Legend not showing. Error in strwidth(legend, units = "user", cex = cex, font = text.font) : plot.new has not been called yet

I have the code below that is a combination of two boxplots and dot plots in one. It is a representation of barring density in 4 different species. The grey depicts the males and the tan the females.
data<-read.csv("C:/Users/Jeremy/Documents/A_Trogon rufus/Black-and-White/BARDATA_boxplots_M.csv")

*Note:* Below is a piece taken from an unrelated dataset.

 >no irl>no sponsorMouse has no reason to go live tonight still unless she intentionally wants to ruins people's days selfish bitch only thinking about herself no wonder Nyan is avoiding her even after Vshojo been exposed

datF<-read.csv("C:/Users/Jeremy/Documents/A_Trogon rufus/FEMALES_BW&Morphom.csv")
cleandataM<-subset(data, data$Age=="Adult" & data$White!="NA", select=(OTU:Density))
cleandatF<-subset(datF, datF$Age=="Adult", select=(OTU:Density))

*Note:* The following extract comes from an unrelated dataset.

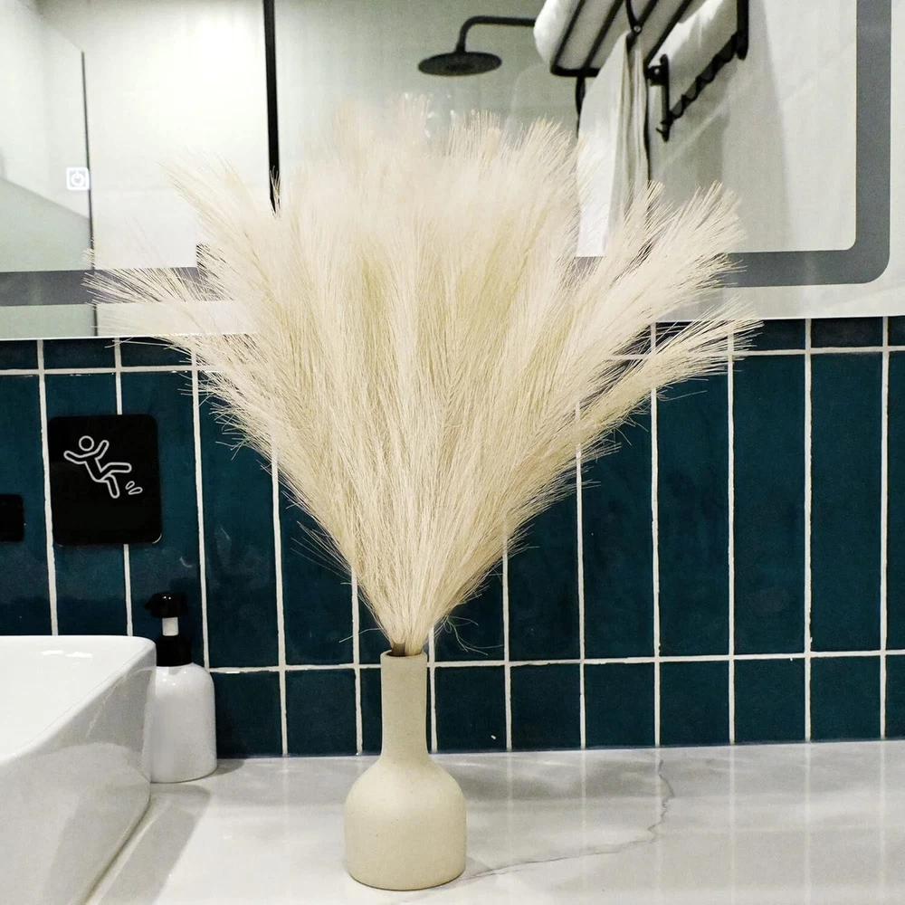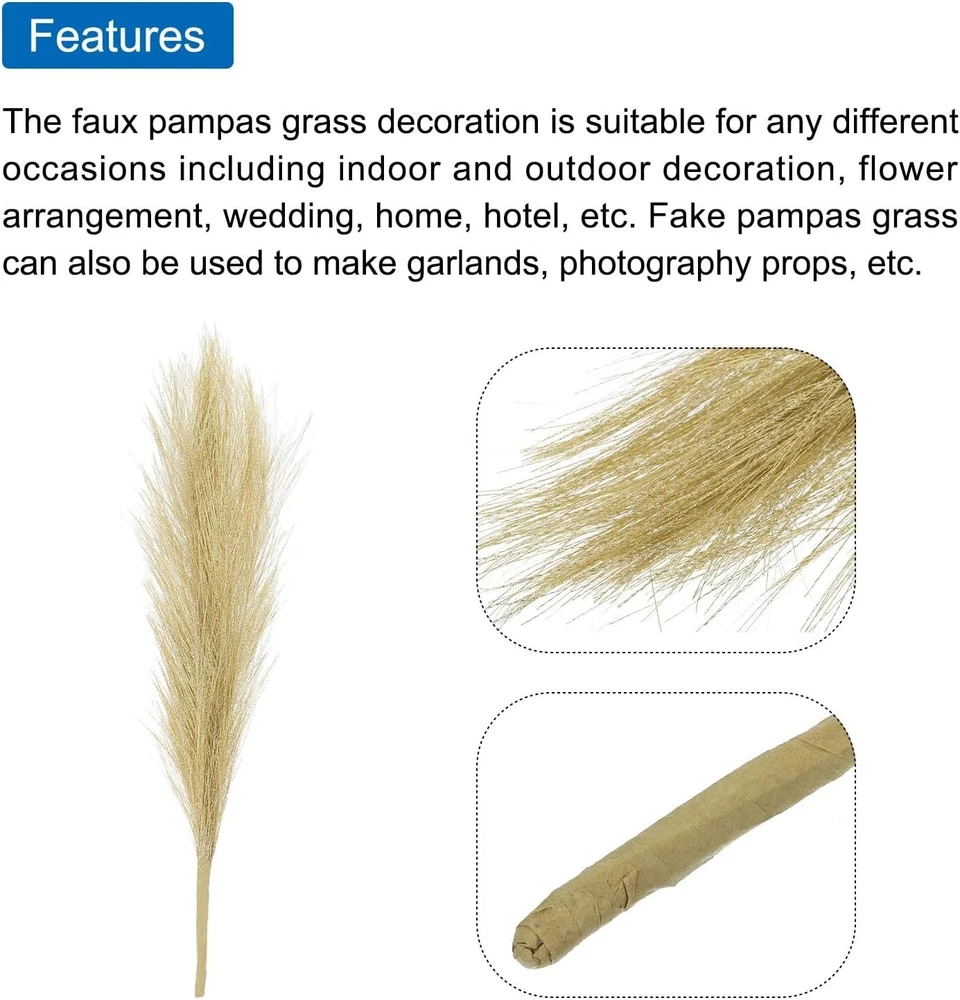 About this item Artificial pampas grass with stylish and natural look is perfect for vase filler. The faux pampas grass decoration is suitable for any different occasions including indoor and outdoor decoration, flower arrangement, wedding, home, hotel and anywhere you want to decorate. Fake pampas grass can also be used to make garlands, photography props, etc. Fake Pampas Grass,Color: Golden;Material: Fabric;Pampas grass size: 17.7 inches / 45cm;In the package of: 8Pcs x faux pampas grass; Faux pampas grass, soft and fluffy can be matched with any decorations, adding romantic atmosphere. Artificial pampas grass will not fall off, no smell, will not make people feel uncomfortable, no effect on people's body. The stems are durable and do not require maintenance and can be used for a long time. You can pair faux reed decor with a variety of other real plants and flowers to create a variety of exquisite looking DIY floral arrangements. Carefully shake each stem before use to remove excess fur and help the feathers open. Note: Please understand that there may be slight color differences due to different lighting and monitor differences.

dataM<- as.data.frame(cleandataM)
dataF<- as.data.frame(cleandatF)
library(ggplot2)
ggplot(dataM, aes(factor(OTU), Density))+
geom_boxplot(data=dataF,aes(factor(OTU),Density), fill="AntiqueWhite")+
geom_boxplot(fill="lightgrey", alpha=0.5)+
geom_point(data=dataF,position = position_jitter(width = 0.1), colour="tan")+
geom_point(data=dataM, position = position_jitter(width = 0.1), color="DimGrey")+ scale_x_discrete(name="",limits=order)+
scale_y_continuous(name="Bar Density (bars/cm)")+
theme(panel.background = element_blank(),panel.grid.minor=element_blank(),
panel.grid.major=element_blank(),axis.line = element_line(colour = "black"),
axis.title.y = element_text(colour="black", size=14),
axis.text.y = element_text(colour="black", size=12),
axis.text.x = element_text(colour="black", size=14))
This works just fine.
However, when I try to add a legend as:
legend("topright", inset=.01, bty="n", cex=.75, title="Sex",
c("Male", "Female"), fill=c("lightgrey", "black")
It returns the following Error:
Error in strwidth(legend, units = "user", cex = cex, font = text.font) :
plot.new has not been called yet
Please, is there someone who could suggest how to correct this?